The District Court based its holding that the Appellants in this case lacked standing to bring their Section 1983 claims on a line of state court decisions denying parishioners standing to challenge parish suppres-sions. See St. Peter’s Roman Catholic Parish v. Urban Redev’t Auth. Of Pittsburgh, 394 Pa. 194, 146 A.2d 724, 726 (1958); Canovaro v. Brothers of Order of Hermits of St. Augustine, 326 Pa. 76, 191 A. 140, 144 (1937); Post v. Dougherty, 326 Pa. 97, 191 A. 151, 153 (1937); Croatian Roman Catholic Congregation v. Wuerl, 447 Pa.Super. 208, 668 A.2d 1151, 1153 (1995); The Roman Catholic Congregation of St. Elizabeth Church v. Wuerl, 22 D. & C.4th 391, 395 (1994). Strictly speaking, however, those cases analyzed standing as a matter of state law. The principal issue here — standing in federal court to pursue federal claims — is distinct. Consequently, we analyze the standing issue in this Court and in the District Court under federal standards.

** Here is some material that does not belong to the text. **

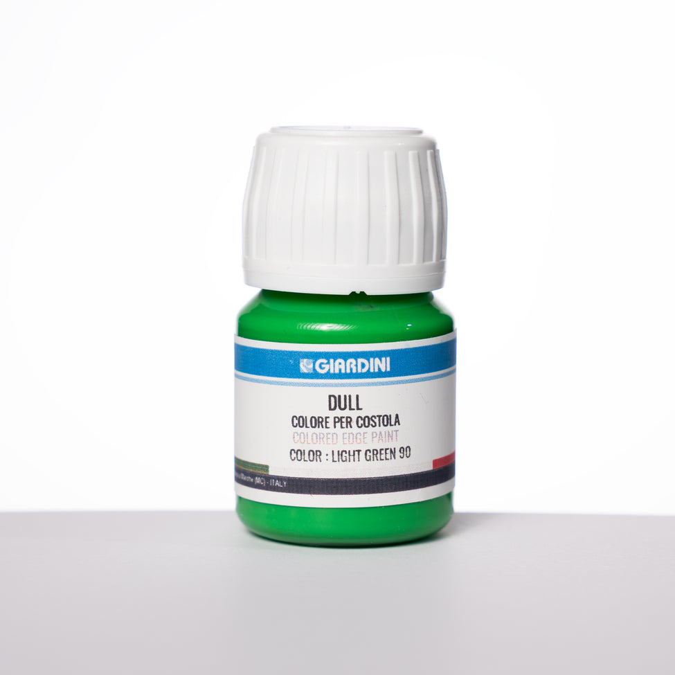 Giardini Dull Edge Paint Light Green 90 is the result of meticulous research and the use of the most advanced raw materials. This colored edge paint provides the perfect balance between our Basic and Dense edge paint, making it the ultimate choice for leather edging enthusiasts.

In this case, the core requirements of Article III standing appear to be satisfied at least with respect to some of the Section 1983 claims. To the extent the Appellants assert that the parishes have been deprived of physical property to which they are entitled, they have alleged an injury in fact. To the extent that they claim that the Appellees have caused the transfer of the property, they have alleged causation. And some of the relief the Appellants seek on behalf of the parishes — e.g., the return of property — is re-dressable.

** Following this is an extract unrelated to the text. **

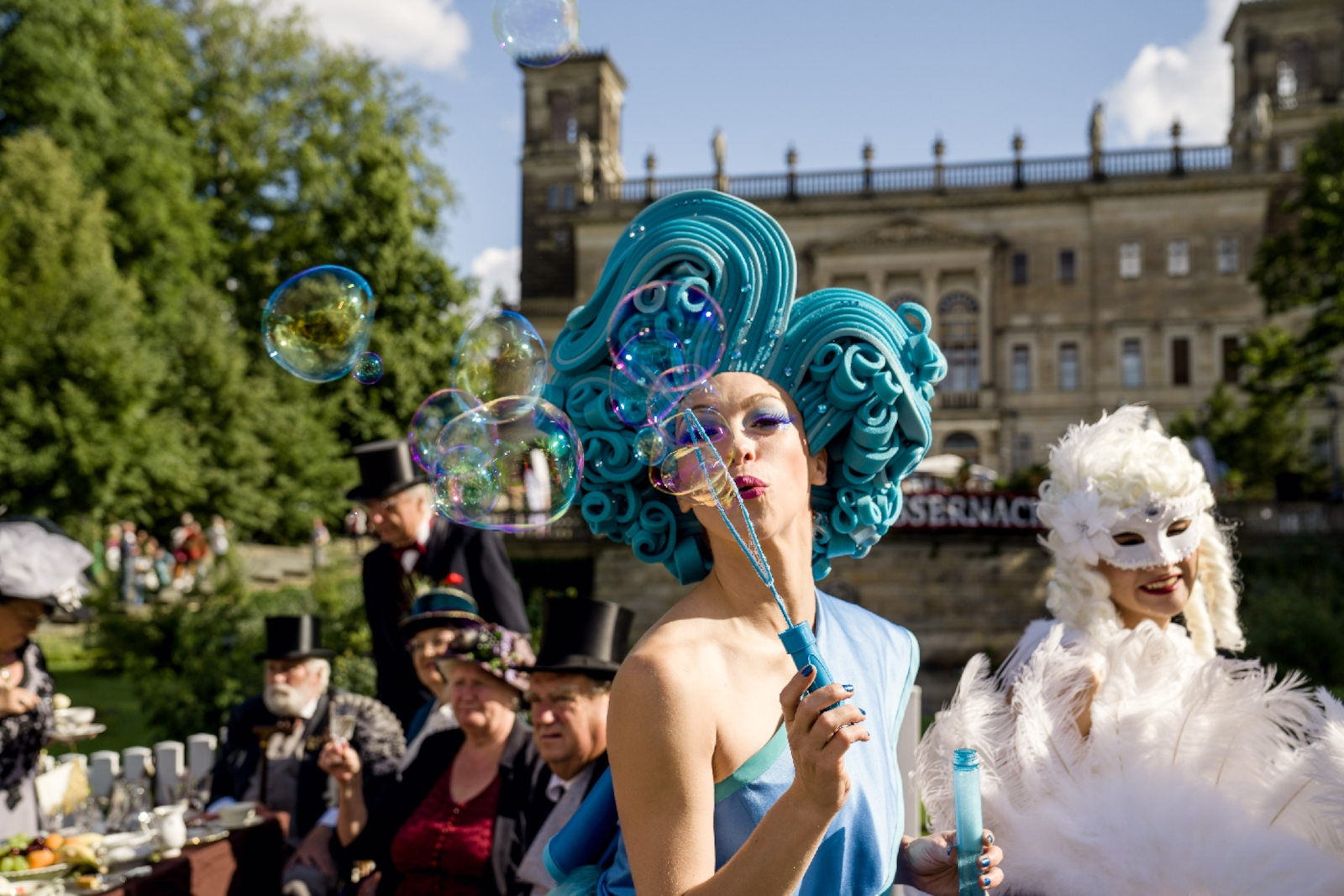 Schlendern und Schlemmen, Tanzen, Träumen und Genießen – dazu lädt die Open-Air-Kulturlandschaft in den Parkanlagen der drei Elbschlösser ein. Über sechs Kilometer erstrecken sich die beleuchteten Flanierwege. Kunst und Musik, bunt kostümierte Fabelwesen, romantisch beleuchtete Wege und Kulinarik von der Grillwurst bis zu feinen Snacks – all das und viel mehr erwartet dort die Gäste.

What is in doubt, however, is whether the Appellants are asserting their own rights, or the rights of third parties. This raises a prudential, rather than constitutional, standing question. See Newdow, 542 U.S. at-, 124 S.Ct. 2301; Valley Forge Christian Coll. v. Ams. United for Separation of Church & State, 454 U.S. 464, 474, 102 S.Ct. 752, 70 L.Ed.2d 700 (1982). The Appellants allege that the church properties at issue were deeded in trust to the congregations of the former parishes. The theory of their cases is that the parishes which define each congregation have been wrongfully dissolved, and that the church properties which were deeded in trust for the respective congregations of each parish were wrongly distributed by the Appellee trustees. The former parishioners have banded together as associations, and are suing in the name of the dissolved congregations to challenge the Appellees’ decisions to suppress the parishes and distribute the parish property. Thus, the Appellants explicitly seek to assert property rights that they allege are beneficially owned by the dissolved congregations as entities.

But the Appellants’ decision to style themselves as congregations injects an element of confusion into the proceedings. The fact that the Appellants have formed congregations does not mean that they are the congregations named as beneficiaries in the deeds.

State law determines who holds rights under the property deeds in question. And in defining the entities that are the beneficiaries of church property, Pennsylvania law draws no distinction between each parish’s congregation and the parish itself. The state courts have treated the *766terms “parish” and “congregation” interchangeably for purposes of resolving property disputes, see Croatian Roman Catholic, 668 A.2d at 1153. The 1935 Act, which vests control of religious property in the Bishop, actually uses the term “congregation” rather than parish. See 10 Pa. Cons. Stat. § 81.

A parish and its congregation, therefore, are two sides of the same coin. The suppression of one necessarily entails the dissolution of the other. That being so, the congregations listed on the deeds ceased to exist as property-owning entities when their parishes were suppressed. The Appellants essentially concede this, stating in their complaints that the Appellees “dissolved the congregation[s] by suppressing the parish[es].” J.A. at 25a (Compl. at If 20) .4

Because the entities that were the congregations named in the deeds no longer exist, the congregations listed as plaintiffs and Appellants in this lawsuit are simply unincorporated associations of former parish members. The Appellants, even if they constitute themselves as new congregations, do not hold the rights to the church property that the suppressed parishes and their defunct old congregations held. Indeed, the newly-constituted congregations hold no interest in the former parish property beyond whatever interest the individual parishioners might have held. Because rights in the former parish property belong not to the Appellant congregations but to the defunct congregations, what Appellants are trying to do is assert the distinct rights of the suppressed congregations.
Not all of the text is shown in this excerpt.